Thomas Gallagher, Justice.

Action for personal injuries sustained by plaintiff, a pedestrian, on December 19,1946, when struck by defendant’s car at the intersection of Lake avenue south and Eighth street in Duluth. The jury returned a verdict of $4,700 for plaintiff. From an order denying defendant’s motion for a new trial, this appeal is taken.
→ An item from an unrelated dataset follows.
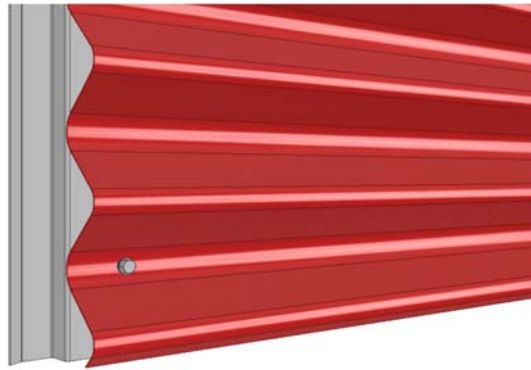
1. Add fasteners to the lowest wave bottom

Plaintiff had been a passenger on a bus traveling south on Lake avenue south and had been discharged therefrom at the northwest corner of said intersection, near her home. While attempting to cross Lake avenue south from the west to the east side thereof, she was struck by defendant’s car traveling south on Lake avenue south as it passed to the left of the bus at the intersection. It is undisputed that in passing the bus defendant drove some four or five feet to the left thereof and to the left of the center of Lake avenue south.

Plaintiff testified that in crossing over Lake avenue south she walked on the extension of the northerly crosswalk of Eighth street. *367 The evidence disclosed that defendant’s car skidded a distance of some 20 feet before coming to a stop after the accident, finally coming to rest two feet west of the east curb of Lake avenue south and two feet north of the south line of Eighth street.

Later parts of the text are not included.